The computers that mesmerised us, educated us, and in many cases, bankrupted us were out-evolved by a species of supposedly better computers and consoles. In the early days, we were amazed to see a few coloured blobs flitting around the screen. In those days, we worried that the other guy had eight colours on screen at times when we only had four. A smile would come over our faces when we’d experience something genuinely new. It might be the gameplay or the graphics, or it might be the exciting new burning smell from an external power supply that was way under-specced. We were the first generation that had seen these amazing new things. Yup, we surmised, computers are going to take off.

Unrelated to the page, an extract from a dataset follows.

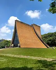 On the grounds, the Luce Memorial Chapel (designed by architects Chen Chi-kwan and I. M. Pei) is a local landmark. The logo of the university contains a cross in reference to the statement in the founding documents that it was "founded in the love of Jesus," and the three linked circles refer to the Holy Trinity as well as the motto, "Truth, Faith, Deeds".[1] The university shares its name with Tokai University in Japan. The two universities have since entered a partnership agreement.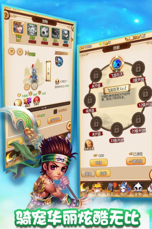 在游戏中,玩家可以抓捕各类宠物,它们可能是高高在上的天神,可能是流浪在外的山精野怪,也可能是镇压诸天的上古神兽。除了宠物还有美轮美奂的天女和仙君,漂亮是她们的代名词,绚丽四射的技能才能她们真正美的体现,她们将陪伴你一起走完这条取经路。除了这些,还有各色坐骑、炫酷翅膀、强力装备;还有兄弟一起努力建设的帮会地图,一起血战的帮会战,帮会妖怪,一起协助的帮会副本。更具趣味的宠物出战搭配,不同宠物不同技能不同天女和仙君,策略智力将在这里完美的体现,让你看到你的不凡之处。

Okay, it’s easy to feel a bit sad, looking back at the crazy, innovative early days, but why be sad? One thing that computers are certain to do is to continue to improve. After that first wave of machines and concepts, things seemed to die down a bit, though. The thing is, most people reached a point when they had to give up on the machine that they had loved. Yeah, you could spend a fortune upgrading, but beyond a certain point, you’d realise it was time to get a grey box that was much more powerful and able to do the new things you wanted to do. Our grey boxes serve us well, but do we even remember them when we move onto the next one? Are we genuinely surprised by anything a new one does? You move on, but you never fully get over your first love. However, let’s not get too melancholy, as what came next was pretty amazing, quite frankly: the early days of the Internet, games with better graphics and bigger worlds and applications that surpassed the predictions of science fiction.
And we’ve not run out of computer history yet. Let’s look forward to virtual reality, new Internet innovations, better graphics, new gameplay concepts and maybe even a bit of retrogaming, from time to time, to revisit the glorious beginning. What we are living through at the moment is still the primitive, early stage of computing. The most exciting chapter of all, my geeky friends? The future!